Researchers Explore Mutation-Cluster Targeting to Unlock Treatment for CF Variants
Researchers at Cincinnati Children’s are exploring two gene editing strategies for restoring function to small clusters of variants in the cystic fibrosis transmembrane conductance regulator (CFTR) gene.
Cystic fibrosis (CF) can be caused by any one of more than 650 different variants in the CFTR gene, each one capable of disrupting the function of an ion channel protein necessary for proper lung function. Developing gene editing-based treatments for each individual variant in the gene is inefficient and would be cost prohibitive.
To tackle this problem, gene editing techniques are being developed in the Division of Pulmonary Medicine by Patrick Harrison, PhD, and his lab that have the potential to target multiple variants at the same time.
This basic research currently being evaluated in human cell lines and primary cells with some of these variants could lead to gene editing treatments that “restore production of a functional CFTR protein for many people with CF,” Harrison says.

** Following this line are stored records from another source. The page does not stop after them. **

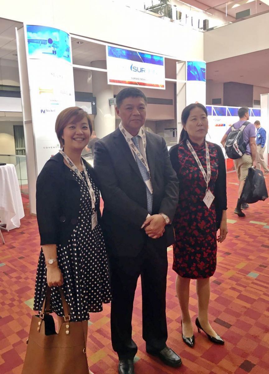 2017年6月19日,松石科技朱祎瑋經理隨中國表面工程行業代表團一同出席SUR/FIN 2017美國表面精飾年會暨展覽會。代表團由中國表面工程協會副理事長兼秘書長馬捷帶領。
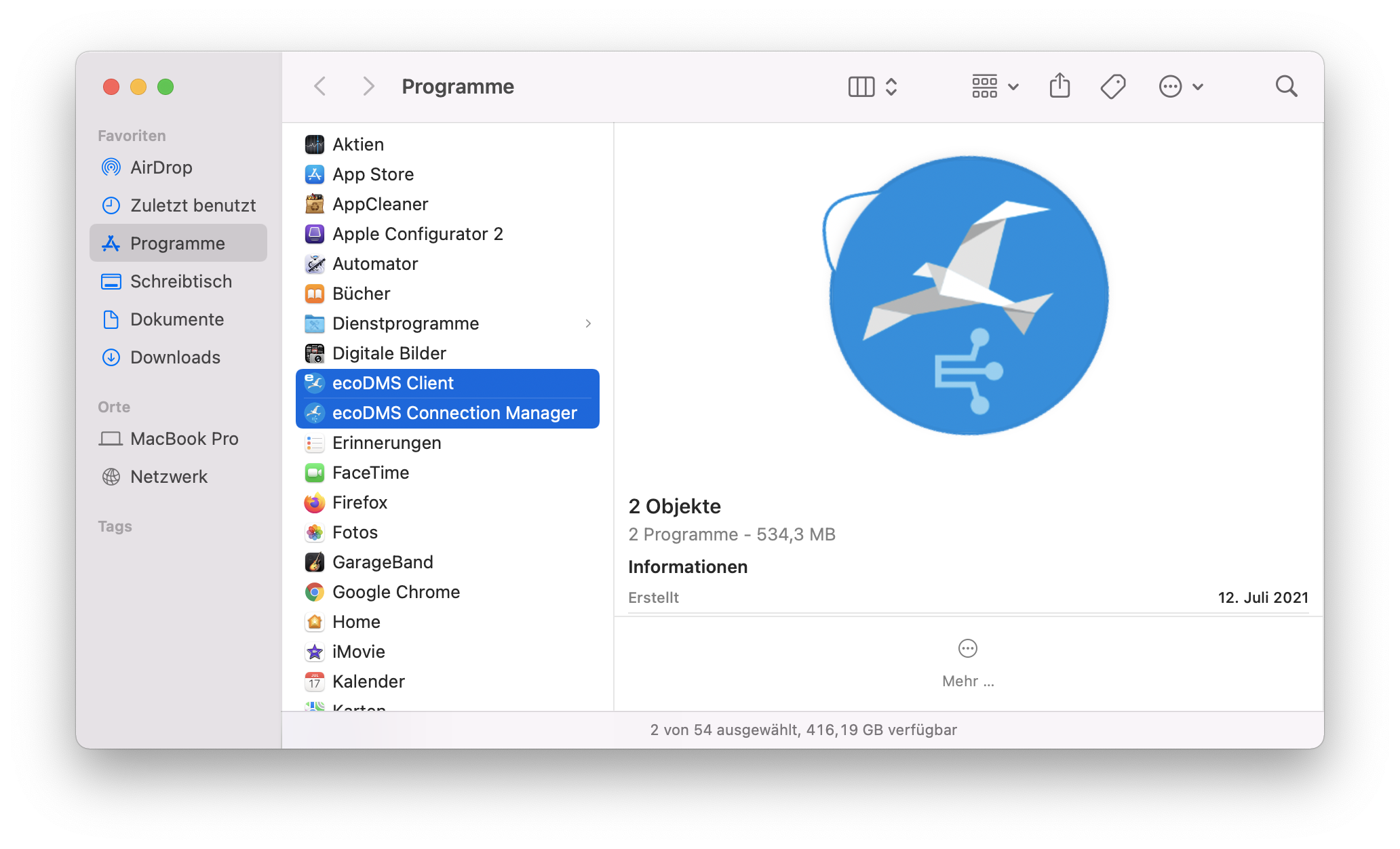 Danach suchen Sie die Anwendungen ecoDMS Client und ecoDMS Connection Manager und verschieben diese in den Papierkorb per Rechtsklick.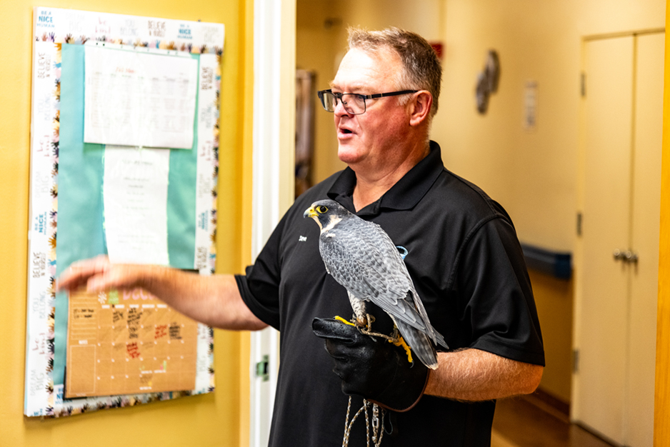 Patients had the rare opportunity to see the birds up close, ask questions, and learn how falconry has been practiced for thousands of years across many cultures. The experience sparked curiosity, conversation, and joy among residents. For some, the visit brought back fond memories; for others, it was their first time seeing a bird of prey at such close range.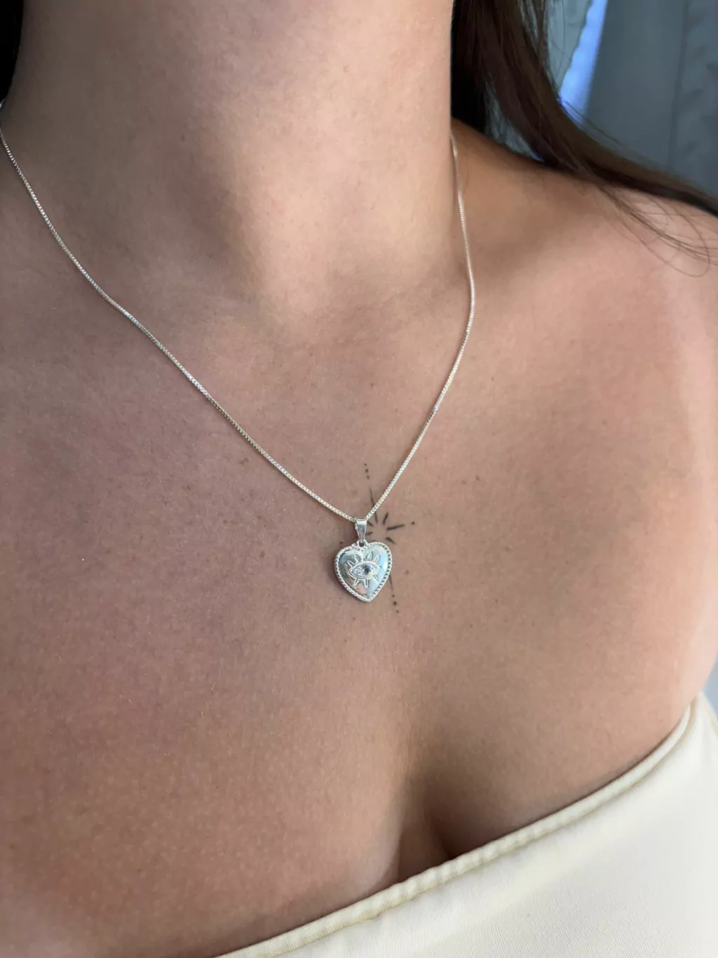 Descubra a proteção e a beleza do nosso Colar Coração Olho Grego, banhado a Prata 925!

Targeting Clusters of CF-causing Variants in the CFTR Gene
The majority of people with CF have a variant in the CFTR gene that makes an ion channel protein that responds to a small molecule therapy known as a modulator, which improves lung function and increases life expectancy. But this treatment is not a cure.

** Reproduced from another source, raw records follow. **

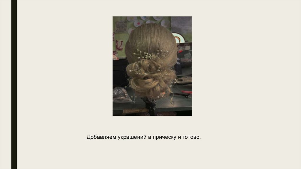 Оставшиеся волосы собираем в хвост при помощиневидимок, канцелярской резинки и лака.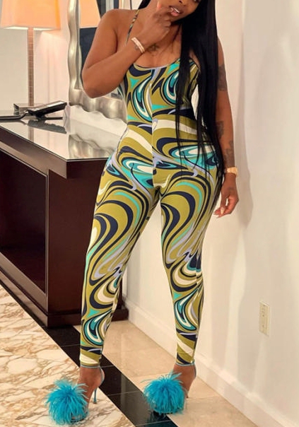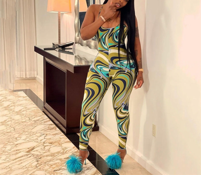 2022 Styles Women Sexy Spring INS Styles Print Strap JumpsuitSKU: #CF49522-1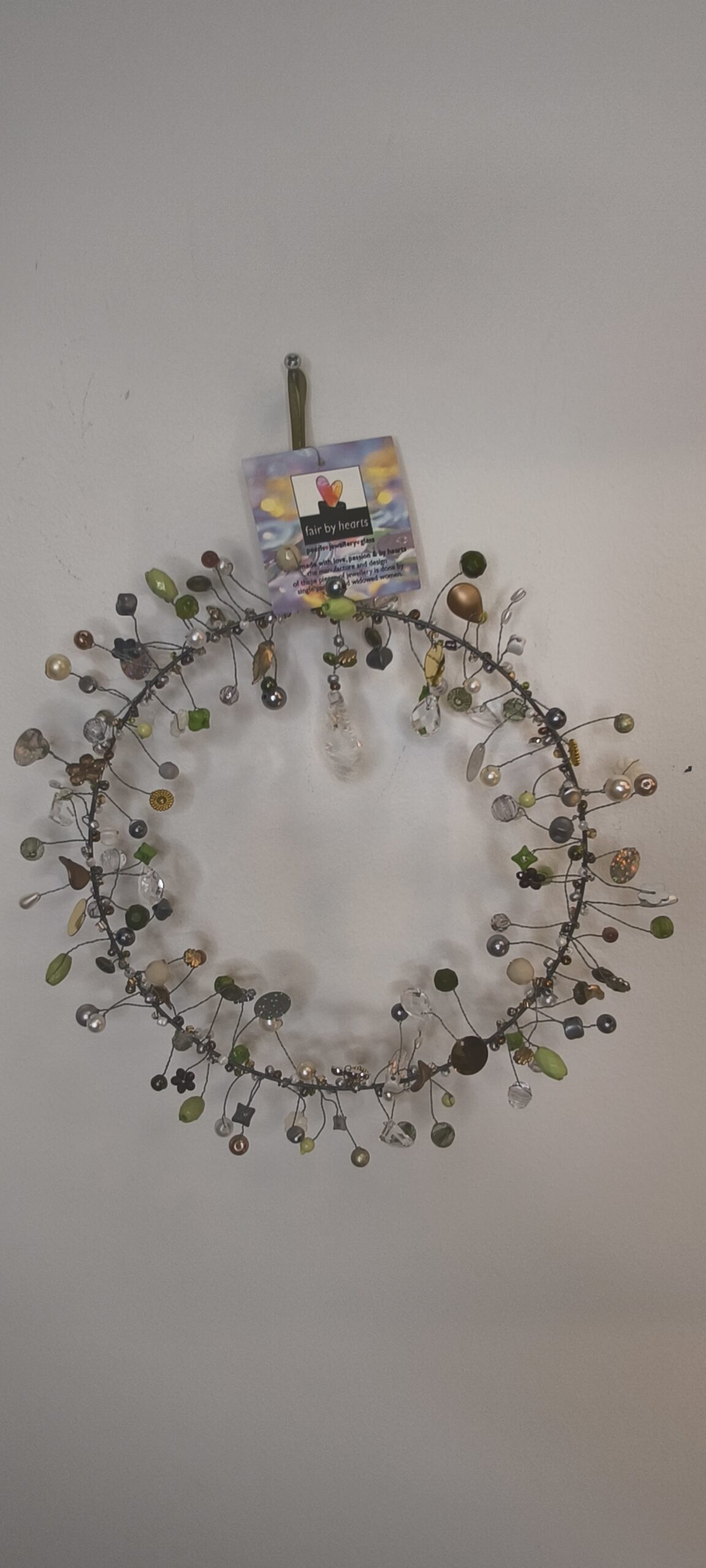 Dieser elegante Perlenkreis von Bell Arte vereint die edlen Farben Grün, Gold und Weiß in einem stilvollen Design. Mit einem Durchmesser von 25 cm eignet er sich perfekt als Wand-, Tür- oder Fensterdekoration. Die filigran gearbeiteten Perlen sorgen für ein feines Funkeln und verleihen dem Kreis eine festliche, hochwertige Ausstrahlung. Ideal für saisonale Deko, festliche Anlässe oder als stilvoller Akzent im Wohnbereich. Handgefertigt mit viel Liebe zum Detail – ein echter Hingucker in jeder Umgebung.

Moreover, for an estimated 20% of people worldwide who have CF caused by one of hundreds of other variants, these modulator treatments do not work.
Over the last decade, many labs have developed gene editing strategies to correct about a dozen individual CF-causing variants. But with over 650 different variants, how do you develop editing strategies that could be turned into viable therapies? One challenge is that these variants are spread across the 27 exons and 26 introns that make up the CFTR gene.
Harrison’s team partnered with researchers at Johns Hopkins to complete a statistical analysis of the CFTR gene to determine the best sections of the gene to target. Their efforts have focused on Exon 12, which includes just over 100 nucleotides and 18 known variants that cause CF.